May 20, 2013 12:00:00 AM PDT
Thousands of health care workers at five UC health centers including UCLA and UC Irvine are threatening a walkout that could affect thousands of patients.

About 30,000 health care workers will either walk out or honor picket lines Tuesday in the dispute over proposed changes in pension plans, demands for higher pay and increased staffing.

Patients may have to endure longer wait times for services or not get the care they need all together during the strike.

"We are anticipating some delays in services," said Tom Rosenthal, chief medical officer at Ronald Reagan UCLA Medical Center. "We have canceled non-essential services."

The UCLA Medical Center, a level 1 trauma center, has canceled all non-elective surgeries because of Tuesday's strike saying they have to make sure they can deal with major emergencies under a limited staff.

"How are we doing it?" said Rosenthal. "We're doing it with workers who will come to work. We're doing it with supervisory staff. We're doing it with registry staff."

UC officials say more than 120 surgeries have been postponed because of the strike. They had hoped a Sacramento judge would order thousands of union workers to cross the picket lines in order to keep the medical centers operating safely. But the judge on Monday shot that request down, much to the satisfaction of the health care workers union.

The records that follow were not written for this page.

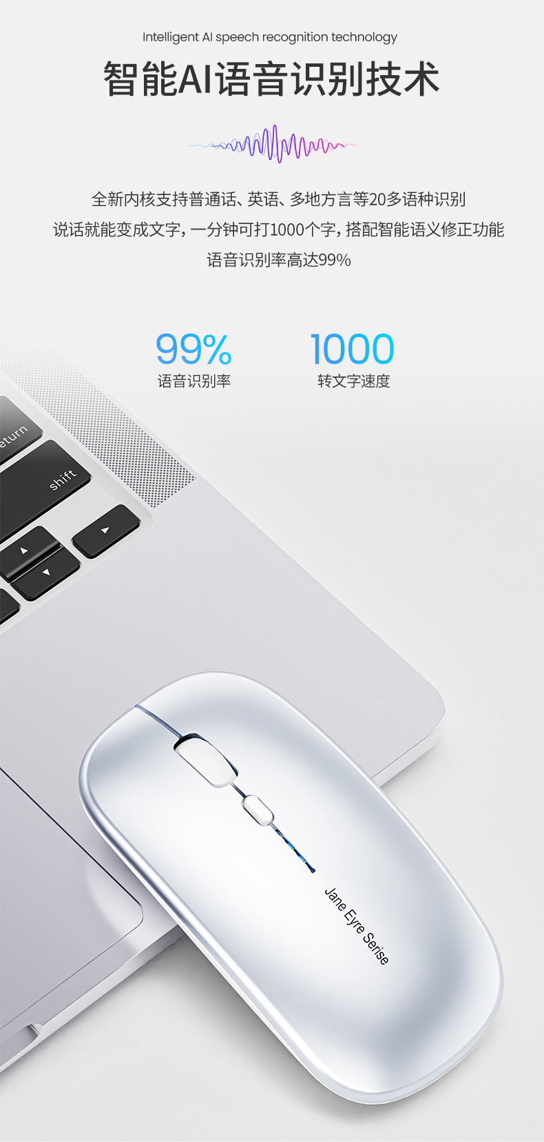 선두 주자 Ai 지능형 음성 입력 마우스 무선 블루투스 음소거 충전 음성 음성 제어 입력 Xunfei 마우스스토어 가기
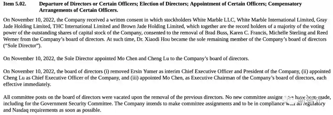 这一切都在这份文件中得到了印证:在2022年11月10日,董事会解除了Ersin Yumer作为公司临时首席执行官和总裁的职务,任命吕程为公司首席执行官,并任命陈默为公司董事会执行主席,均立即生效。
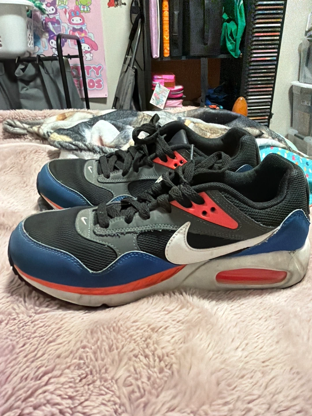 Selling a pair of Nike Air Max Impact sneakers. They are in good condition and have a stylish design with black, grey, blue, and red accents. Perfect for casual wear or workouts!

UC officials have insisted they have offered a fair wage and benefit proposal and hope to block this strike. But a spokesperson for the union representing healthcare workers say they don't want to go on strike but UC officials have given them no choice because they haven't budged during contract negotiations.

"They forced us to this situation," said Scott Hill. "We don't want to have to go on strike but we're using whatever leverage and power that we have to be able to get a good contract."

A spokesperson said they have already identified their own set of key workers who will be told to cross the picket lines if needed to ensure patients' safety.

"We have a staff of volunteers who are going to be out there," said Hill. "If there's a critical situation, were going to say 'we need for you to go to work immediately'".

Health care workers from hospitals at UCLA, UC Irvine, UC San Diego, UC Davis, and UC San Francisco are expected to participate in the strike.

The two-day strike will likely begin at 4 a.m. Tuesday.